Noutro patamar, a batalha cultural trazida pelas políticas identitárias de esquerda e direita, quando levadas ao radicalismo impõem, forçosamente, a derrogação da liberdade e a coercibilidade de uma conduta. Neste caso, o projeto de inclusão ganha uma dimensão incompreensível, muito próxima de uma política puritana. Quando se transforma a política de inclusão como necessária correção de assimetrias e justiça social em algo absoluto, corremos o risco de esvaziar histórias, narrativas, práticas sociais e direitos de liberdade e, mais provavelmente, cair no ridículo. Em rigor, parece-me muito mais inclusiva a presença dos anões na história e bem mais preocupante seria o estereótipo da bruxa má cujas origens remontam ao combate da Igreja ao sagrado feminino e à independência das mulheres.
Dezembro 12, 2020
O poema recitado por Amanda Gorman na cerimónia da tomada de posse do presidente estadunidense Joe Biden estava previsto ser traduzido, para holandês, pela escritora Marieke Lucas Rijneveld, com o aval da primeira. No entanto, um artigo de Janice Deul, jornalista e ativista negra, no jornal Volkskrant, fez com que Marieke desistisse, face à onda de críticas. Janice Deul argumenta que a tradução do poema deveria caber a "um artista local, jovem, uma mulher assumidamente Negra”. Eventualmente ela mesma, Janice Deul.

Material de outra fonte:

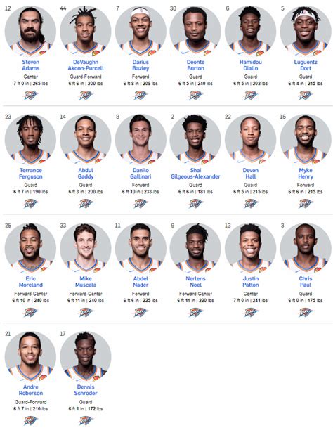 Web check out the current oklahoma city thunder roster and learn more about your favorite players with access to bios, photos and. The 2019 oklahoma city thunder roster for the nba regular.

É importante ter presente, claro, que tal como Doris Sommer e outros autores mostram, há sentimentos e experiências que estão racialmente circunscritas. Mas mesmo Sommer, autora branca, é capaz de traduzir e inscrever as circunstâncias negras na literatura. É por isso que queiramos ou não, a reação de Deul e afins é populismo de esquerda. Ao radicalizar as questões raciais esvazia-as de conteúdo e impede a simpatia de fora. Ironicamente, o que os movimentos de militância racial radical fazem é apropriar-se de um elemento cultural judaico, a "pureza", para construir o seu discurso e imaginário populista racial. Não é por acaso que a sua narrativa sobre "apropriação cultural" é a versão inversa da autenticidade do nacionalismo. Tanto uma quanto a outra desconsideram o mais elementar aspeto das culturas: o hibridismo. Acresce ainda que uma parte significativa das culturas africanas sempre observaram os elementos culturais exógenos pela ótica da mais-valia, da eficácia simbólica e efetiva, estando livres da "pureza", da autenticidade, categorias próprias do pensamento judaico-cristão.